As to a manufacturer making comments regarding their equipment NOT needing prior filtering, ask them:
Do large filter caps reject all frequencies above or below 60 Hz ? The answer is NO !!! This means that any AC based signal that made it into and past the transformer is now going into the circuitry.
Do large filter caps actually filter all frequencies and types of interference equally ? The answer is NO !!! As such, the equipment may be seeing actual harmonics that the power company itself has generated along with anything else that has found it's way into the wiring.
Can RF signals ride AC mains ? The answer is YES !!! With the length of wires used for pumping AC around the country, they make up what may be considered "the longest long wire antenna" in the world.
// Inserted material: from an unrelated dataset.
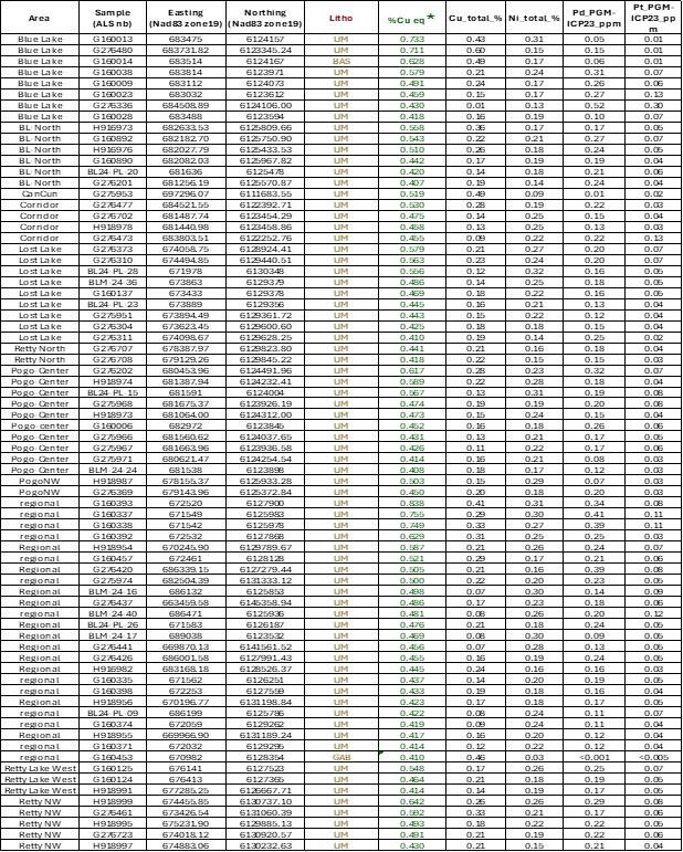 Ground follow-up was conducted at Retty Lake West near historical drill hole A-27 (Figure 3). Metric-scale angular felsenmeer blocks of ultramafics were identified, trending NW-SE and containing up to 10% visible sulfides (pyrrhotite and chalcopyrite) with net-textured sulphides. Assay results range from 0.45 to 0.52% Cu eq. Historical drill hole A-27, 350 meters north-west from the blocks, intersected:

Is RF interference an AC based source of noise ? The answer is YES !!! As such, it can pass through a transformer basically unhindered if of high intensity.
Can an AC signal pass through a capacitor and / or rectification circuitry ? The answer is YES !!! RF is AC based and can EASILY "ride" or be superimposed on top of DC.
Can DC pass through a transformer ? The answer is YES !!! This lowers transformer efficiency DRASTICALLY and can introduce other types of distortion to the signal.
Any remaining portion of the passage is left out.